Joy Division: An Ideal for Listening: an overview of Joy Division by Chris Ott, which as is the way of these things doesn’t amount to much more than a retelling of the story and assertions of quality. That’s not meant to be critical – when a band means a huge amount to you, you do feel the urge to simply restate the facts, to testify if you like. The existence of Ott’s essay – and its measured, solemn tone (a particular single is not ‘flawless’ but “without flaw”, for instance) – makes more of a point than its words do.

It seems odd, though, that in the middle of the essay there’s an attack on Paul Morley, who – like Chris Ott, I expect – wrote about Ian Curtis and Joy Division because he had to. The essay waves its hands at the “volumes of humorless praise” Morley’s produced on the subject – actually he’s to my knowledge never written a book about Curtis, or Joy Division, or New Order. He’s written sleevenotes on occasion, and journalism, and while I’ve not seen many jokes in them he’s usually playful.

But ‘humorless’ is an odd criticism to throw at writing about Joy Division: they’re a hard band to deal with because whatever they were like as people the music is full of High Seriousness and critics tend to feel forced to reflect that. With “Atmosphere”, for instance, I find it hard to imagine liking the song without buying into the seriousness – surrendering to it, almost. Joy Division ask you to make a leap of faith -to believe that the echo-ed drums, the washes of keyboard, the German single title aren’t the Gothic kitsch they so obviously could be; that for the duration of this track at least they mean something. Ott’s Wall Of Sound comparison is telling, because this is exactly the same leap of faith Phil Spector and his singers wanted you to make, only now the subject isn’t romantic loneliness but loneliness in some huger, starker philosophical sense.

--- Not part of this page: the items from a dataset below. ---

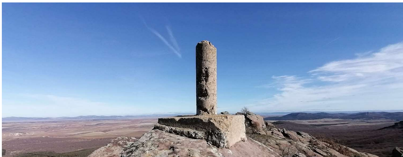
Vértice Geodésico Pico Lituro 1457 m
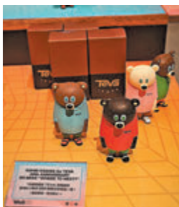
◆ BG BEAR
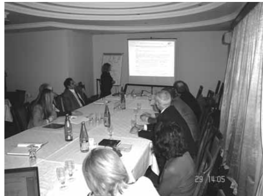
Од регионалната средба одржана во Струмица

Стратегијата е во завршна фаза и веќе се утврдени проектите што оптимално би можеле да се спроведат во периодот 2009-2013 година. Исто така со Стратегијата се предлага зајакнување на службите што се вклучени во процесот на подготвување на проекти и нивно спроведување. Институционалниот модел сеуште се договара, бидејќи проектниот тим предлага воспоставување на сосема ново тело кое ќе ги координира надлежните министерства. Долгорочно ова тело би можело да се трансформира во Агенција што би била одговорна за спроведување на проекти финансирани од страна на структурните и кохезионите фондови, кога Македонија би станала полноправна членка на ЕУ.
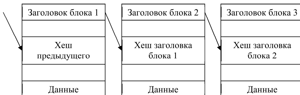
Рисунок 2 - Схема сцепления блоков транзакций

также различных процедурах верификации, является технология сцепления блоков транзакций (blockchain) (рисунок 1) [1].
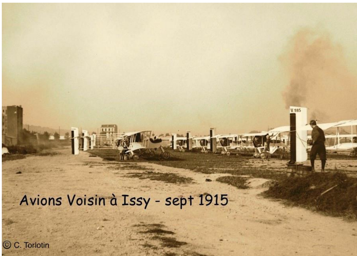
Avions Voisin à Issy les Moulineaux en septembre et octobre 1915
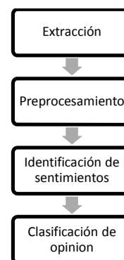
Figura 1. Modelo para minería de opiniones.

La fase identificación de sentimientos trabaja con el texto ya normalizado, y lo que busca es identificar dentro de la opinión las características esenciales que permitan descubrir seguidamente el sentimiento asociado. Aquí se etiqueta morfológicamente cada palabra con su respectiva categoría gramatical (verbo, adjetivo, adverbio, nombre etc.). Una vez hecho el etiquetado se toman para la clasificación todas aquellas palabras en las categorías de verbo, adjetivo o adverbio.
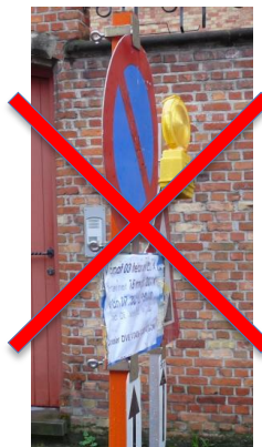
NIET- CONFORM BORD E1 (geen dubbele omranding)
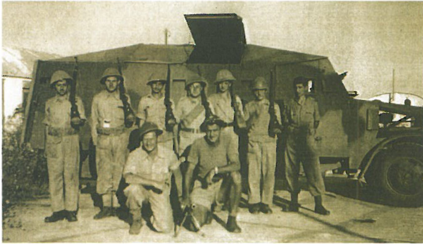
צוות שריונית ("סנדוויץ") מחטיבת אלכסנדרוני, גדוד 34. חלקם אנשי מח"ל מנורבגיה, דנמרק, דרום אפריקה, אנגליה וארה"ב.

Morley’s write-up of “Atmosphere” in the Palatine box set booklet is my favourite single-track review by anyone ever, and also pre-empts Ott’s criticism and my comments – “The NME banned me from ever writing about this song. I remember thinking that it seemed like the whole world was telling me that I took it all too seriously. Funnily enough, I never thought I took it seriously at all, well, not seriously enough. I don’t think I’ll take this song, or anything else for that matter, really seriously.”. Morley also did write one book which touches on Ian Curtis, called Nothing – another of my favourite pieces of writing and one I’d unreservedly recommend to Chris Ott or anyone else. It’s about his father’s suicide and stings with the love, frustration, guilt and gradual return of feeling that people dealing with bereavement feel. People, incidentally, like New Order in the 1980s, which is why – counter to Ott’s last sentences – I think that band’s records are transcendent, whatever you take that word to mean.